А может, это в КГБ решили народ губить по заданию ГКЧП? Напичкали щербет какой-нибудь отравой и в толпу подбросили, чтобы потом на Ельцина свалить, с них станется. Нет, скорее, какая-нибудь старушка купила случайно сегодня с утра в знаменитом магазине «Хлеб» на Калининском, дошла до моста, а там… И что, интересно, там? Сама в речку сиганула, но перед этим щербет заботливо на бумажку положила? В общем, непонятно, но жрать от этого не меньше хочется, ладно, еще кружок сделаю и, если никто такое добро не схватит, я все-таки решусь.

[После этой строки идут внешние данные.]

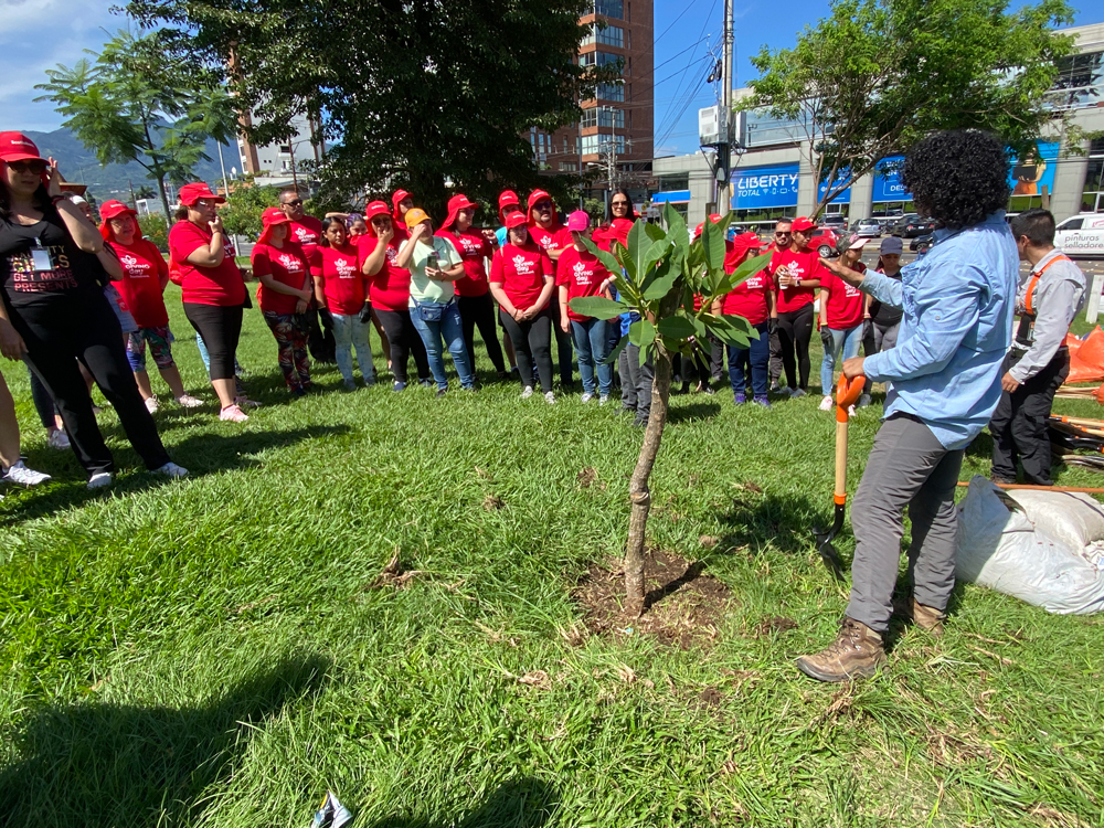 Durante el Scotiabank Giving Day, los voluntarios aplicaron abono químico, colocaron el acolchado de madera y emplearon enmiendas biológicas como hongos benéficos Trichoderma y aminoácidos para el suelo y los árboles, bajo la supervisión de tres ingenieros forestales y arboristas de la empresa costarricense GEA, especializada en gestión, evaluación ambiental y arboricultura, quienes, además, lideraron el manejo de las diferentes especies.
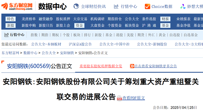4月25日,安陽鋼鐵發布了關于籌劃重大資產重組暨關聯交易的進展公告。

Я продрался к центральному подъезду Белого дома, тут толпа самая плотная, все лезут поглазеть на несколько машин БРДМ, на которых прикатили десантники во главе с генералом по фамилии Лебедь. И, как сообщили мне в толпе, генерал этот заверил, что по людям его десантники стрелять не будут, ну и на том спасибо. На броню одной БРДМ вылез боец, из толпы ему кинули сигареты, батон хлеба, еще какую-то еду, парень ловко все это подхватил и снова скрылся в бронетранспортере. В тот момент, когда он повернулся в мою сторону, я успел разглядеть его улыбающееся лицо в свете прожектора.

«Как же на нашего Лешу Гусева похож, — я даже вздрогнул. — Тот ведь тоже десантником был».

Наш Леша Гусев…

Первое мая 1983 года

Москва, Городская клиническая больница № 7

Хорошо косить от армии и при этом валяться в своей же больнице. Говоря откровенно, я не очень уж и косил, просто мне нужно было подтвердить диагноз язвенной болезни. А подтвердить его оказалось очень легко, так как бессонные ночи на дежурстве не способствуют заживлению язвы. Впрочем, бессонные ночи не способствуют никакому другому заживлению. Но все наши ко мне относились как к симулянту и говорили, что Паровозов закосил от армии и прохлаждается в терапии у Бронштейна, и лишь только я показывался в своей реанимации, меня тут же припахивали все, кому не лень.

Персонала у нас вечно не хватало, зато если было охота чему-либо поучиться, тут никто не отказывал. Поэтому я здесь за первый свой неполный год работы научился делать такие штуки, какие не каждый врач за свою жизнь хоть раз увидит. И в любой день тут такое творилось, что потом можно было много лет вспоминать. По этой причине мне в терапии не сиделось, вернее, не лежалось.

Да и какая может быть терапия, когда в реанимации столько всего интересного, особенно по весне. Весной, если кто не знает, увеличивается световой день. А увеличение светового дня вызывает повышенный выброс гормонов в организме млекопитающих. Человек здесь не исключение. И если у большинства животных как у примитивных созданий изменение гормонального уровня приводит ко всего-навсего брачным играм, то у людей все гораздо интереснее. Люди по весне начинают придумывать всякие увлекательные занятия.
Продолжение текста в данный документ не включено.